だからこんな俺を大事だと言ってくれたあの二人をもう悲しませることなんかしたくない。
おしゃべりしようぜ?昔みたいに。
積もる話があるんだ。
世界が壊れても作り変えられても好きなように喋ろう。
もう互いにすれ違い会うのなんてのはごめんだ。
大事な誰かを傷つけてまでもう後悔したくない!
なにか風のようなものを感じてゆっくりと目を開ける。
そこには見知った二人が立っていた。
二人ともボロボロになった制服を着ており既に慢心相違だった。
全身に切られたような傷があり少しアダルトなエッチな雰囲気を醸し出す。
息を切らしており、俺には気づいていないみたいだ。
大木小治朗と黛涼香の二人がそこにいた。
二人の視線の先にはそれは綺麗な銀色の毛並みを持つオオカミがいた。
巨体な体には足が6本もついており、尻尾を大きく膨らまし左右にゆっくりゆっくりと揺らしている。
牙は全てを噛み砕くがごとくキラリ光る。
草食動物のように目が横についているオオカミ、『負けイベントモンスター』『ソニックウルフェル』がそこにいた。
いや!なんでだよ。
もう『負けイベントモンスター』はこのあたりにいないはずだろ?
このオオカミ確か小説ではもっと違う地域に出現してたじゃん!
もっと遠いところにいたじゃん!
『負けイベントモンスター』に呪われてんじゃねーの俺?
3体も倒したから4体目もいっしょとか言わねーよな?
冗談じゃねぇ!たしかに『フライングホオジロシャーク』や『グリーンオーガ』に比べたらまだ弱いよ?
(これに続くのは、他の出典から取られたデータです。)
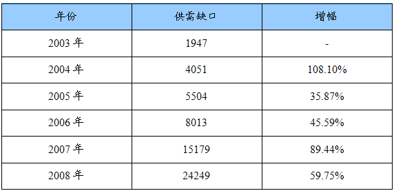 从国内市场供求关系来看,近几年,随着国内市场包装 行业 及印刷 行业 对薄型纸需求的快速增长,国内产品产量无法满足市场需求,且供需缺口越来越大,到2008年产品市场供需缺口为24249吨,相当于2003年市场供需缺口的12倍。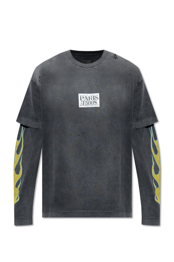 Dark grey crewneck T-shirt from Givenchy. Made from washed cotton with distressed details, this style features graphic prints, ribbing on the collar and double-finished long sleeves with printed flames.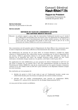 Le présent rapport a pour objet de réactualiser l’indemnité locative au m² versée aux collectivités territoriales pour les locaux mis à la disposition du Département du Haut-Rhin pour le fonctionnement des centres médico-sociaux. De 3,66 € par mois et par m², elle pourrait être portée à 3,84 € par mois et par m² au vu de l’évolution de l’indice INSEE du coût de la construction.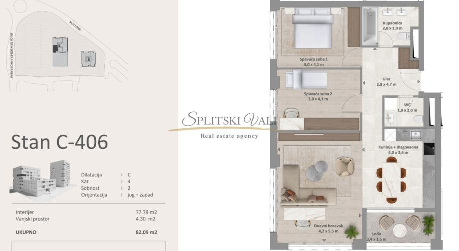 Stan C406 - Dvosoban stan ukupne površine 82,09 m2 nalazi se na 4. katu zgrade (od 6). Sastoji se od dvije spavaće sobe, kupatila, wc-a, kuhinje s blagovaonicom, dnevnog boravka i lođe. Velike staklene stijenke pružaju mnogo osvjetljenja tokom dana i lijep, otvoren pogled. Orijentacija stana je istok-zapad. Stanu pripadaju dva parking mjesta u garaži u iznosu od 35 000€ po svakom mjestu, te sprema koja se nalazi u suterenu zgrade u iznosu od 22 000€.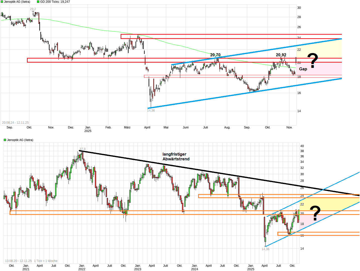 Die letzten Wochen war man ja hier bei der Aktie weiter sehr zauderlich und unsicher, ob die Zahlen reichen könnten. Parallel hat man aber schon gesehen wie andere ähnlich verprügelte Tech Werte aus dem Chipssektor anzogen (siehe Aixtron oder Suess ). Und auch Großkunden wie ASML haben schon seit einiger Zeit zugelegt. Es wäre also hier bei Jenoptik Nachholbedarf beim Kurs. Entsprechend war das heute eine Erleichterung. Ähnlich wie jüngst bei der Aktie der Deutschen Post hat man dann auch hier jetzt einen Freudenhüpfer gemacht. O.k., ein Eröffnungsgap ist nicht immer so ideal, da es oft geschlossen wird in der Folgezeit. Aber es gibt ja nicht nur Common Gaps, sondern auch Breakaway Gaps, die nicht mehr geschlossen werden und von fundamentalen Dingen angetrieben wurden. Hoffen wir mal Letzteres wird hier eintreffen. Der Kurs steht jetzt wieder an der altbekannten Widerstandszone im Bereich 20,50/21,00. Von daher mal abwarten, ob es jetzt gelingt sich darüber zu etablieren und auch einige LV zum covern zu bewegen. Dann wäre der Weg nach oben ein ganzes Stück wieder frei. Ich denke man ist mit der weiteren Prognose bewußt eher konservativ geblieben, damit man bei den nächsten Zahlen auch da leichter wieder für positive Überraschung sorgen könnte.

弱いだけで今の人類が単体で勝てるように設定されてねぇんだよ!
だいたい涼香ちゃんなんでこのオオカミも一緒に連れてきてんの!
置いてきなさい、我が家ではこんな大きな犬買えません!
って!やべあの犬っころ息を大きく吸い始めやがった。
一か八か。
次の一瞬、『ソニックウルフェル』は姿を消した。
あまりのスピードで走り去った衝撃波はかまいたちを生み出すほどである。
威力は少し弱いが幾千にも繰り出されるその風の刃は確実に人体へと傷をつける。
が弱点がある。
この技を使うときに大きな隙ができる。
大きく息を吸うだけでなく足の裏にある発射口から勢い良く空気を噴射し地面を蹴ることにより圧倒的なスピードで移動できるのだ。
なのでこうやって少し地面から浮かせてやれば足の裏にある空気の噴射口から出る空気によってこうやってそれ高く飛んでいくのである。
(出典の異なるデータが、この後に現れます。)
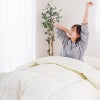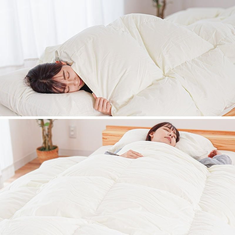羽毛布団は天然素材の為、無臭ではありません。特に開梱直後や、温度・湿度の関係で臭いが強く感じられる場合もございます。その場合は、羽毛布団に空気を含ませるように数回揺らし、布団内の空気をゆっくり追い出してください。
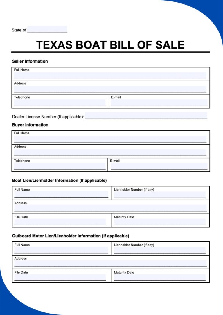Free Texas Boat Bill of Sale Printable Templates PDF Bill of Sale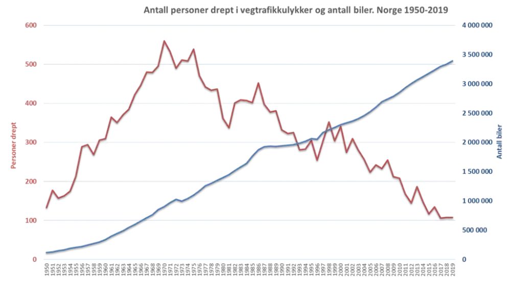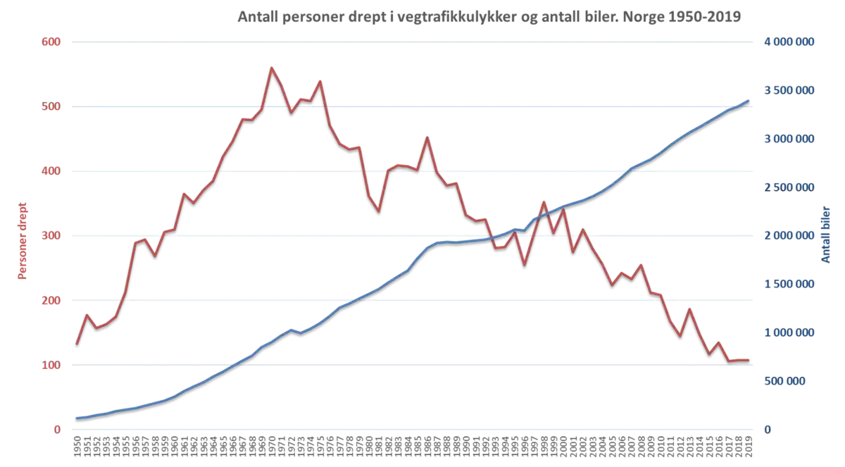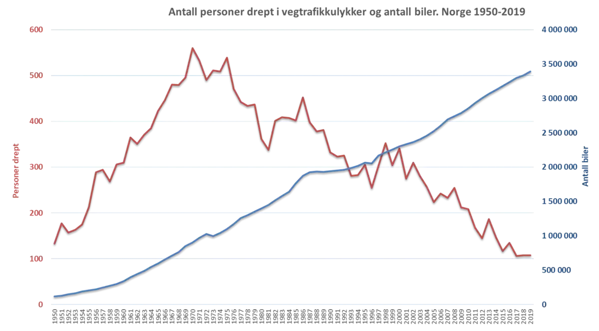 Selv om tendensen er at det er stadig tryggere på veiene og at Norge ligger i verdenstoppen, er dette langt mer enn tall og statistikk. Tar man med at dagens trafikkmengde er 3,4 ganger høyere, skulle over 1.900 ha omkommet i trafikken dersom vi hadde samme risikoen som i 1970..

二人の前に出た俺は思いっきりオオカミの顔面を蹴り上げた。
手には『フライングホオジロシャーク』から回収した『無重力玉』を手に持っている。
この玉は所有者の望むままに触れた物または所有者自身の重さをゼロにできる。
俺ごときの蹴りでは普通なら上がらないこの巨体も体重がゼロならば難なく上がる。
あまりダメージはないようだがそれでいい。
目的は地面から足を浮かすことにある。
足から離れた瞬間に体重は元に戻る。
天高く飛んで行った『ソニックウルフェル』さすがにあの高さから落ちればただでは済むまい。
「たーまやー」
俺は大声でそう言った後に振り返り二人にこう言った。
「待たされたぜ!二人とももう大丈夫だ、なんせ俺がお前らの味方なんだからな!」
ピースサインをする二人の顔は安堵の顔というよりも当たり前、当然だと昔から二人がよくする俺の好きな顔だった。
「はっは!んじゃまいっちょ、三体一で悪いがお前の方が強いしこのくらいのはんではゆるしてもらうぜ?さぁ!俺の喧嘩に惚れてくれ!」
俺はそう言って『ソニックウルフェル』に喧嘩をうった。